Pat Delafield

Personal information
- Full name: Patrick Geoffrey Robert Delafield
- Nationality: British
- Born: 14 April 1946 (age 80)

= Patrick Delafield =

British former rower and businessman

Patrick Geoffrey Robert "Pat" Delafield (born 14 April 1946) is a British former rower and businessman. He competed for Great Britain in the 1972 Summer Olympics.

==Education and rowing career==
Delafield was educated at Cambridge University where he studied Law. He rowed for Cambridge in The Boat Race in the 1966, 1967 and 1968 races. In 1968 with Delafield as president, Cambridge started a streak of six consecutive wins. In 1970 Delafield was runner up in the Diamond Challenge Sculls at Henley Royal Regatta. He participated in the 1970 World Rowing Championships competing in the doubles sculls event with Jeremiah McCarthy where they finished in seventh place overall after winning the B final.
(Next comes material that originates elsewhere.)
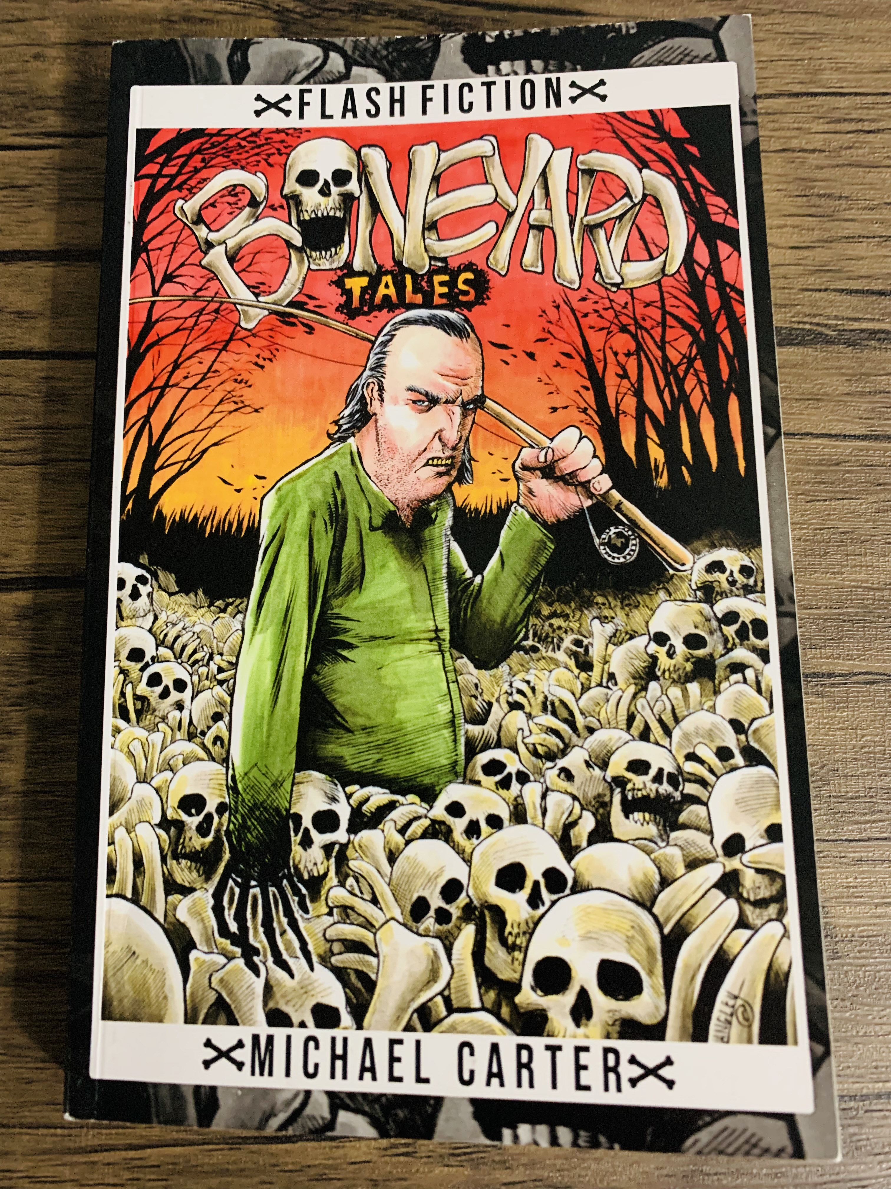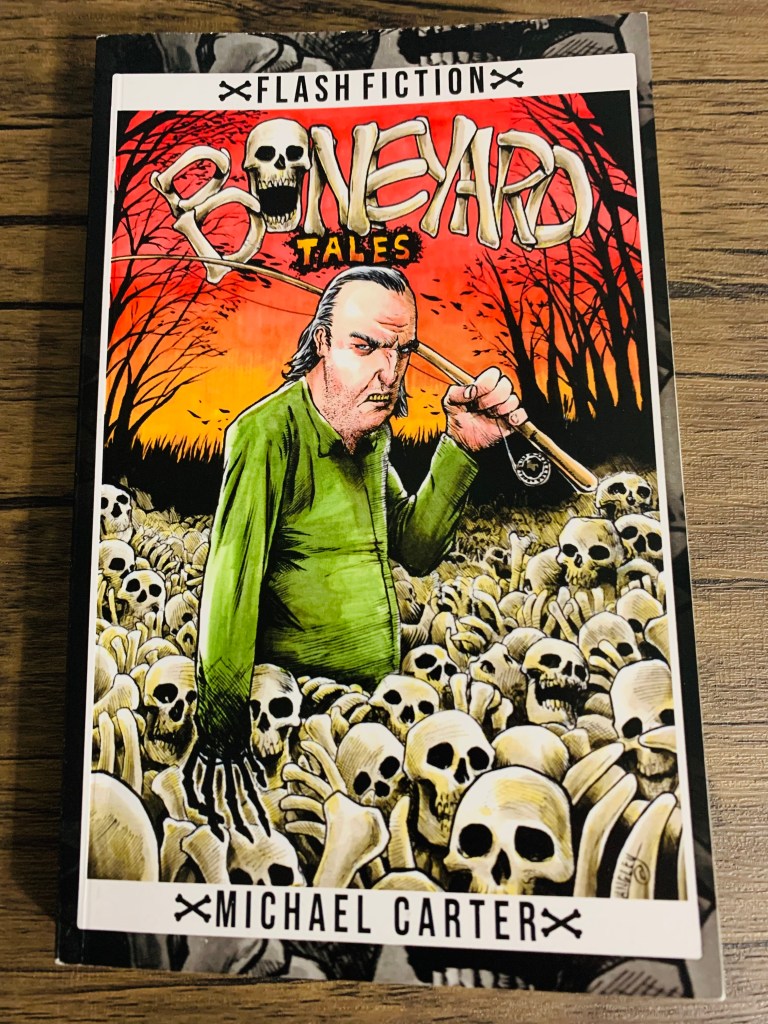 The bones are rattling from inside our own skin in Michael Carter’s delightfully depraved, creative flash fiction collection out this year, Boneyard Tales. I mean that in the way “the call is coming from inside the house” kind of way: The real monsters are sometimes the ones bone deep, tucked away in the marrow we don’t speak about. But Carter is something of an excavator of the twisted tales we tell ourselves to obfuscate that fact.

In 1972 he partnered Tim Crooks to win the Double Sculls Challenge Cup at Henley and won the double sculls with Crooks, at the inaugural 1972 National Rowing Championships. Delafield and Crooks competed for Great Britain at the 1972 Summer Olympics in the double sculls and came fifth overall. Delafield was President of Leander Club from 2003 to 2008.

==Business career==
Delafield spent many years in the beverage business in Western and Eastern Europe with Guinness and Stroh Brewery Company of Detroit. He lived in Jersey for 25 years and headed up G. Orange & Co., Beverage Merchants in Jersey from 1997 to 2004 and became director of business development with Victor Hugo Wines in 2005. He was a director of Noventa until his resignation in 2009.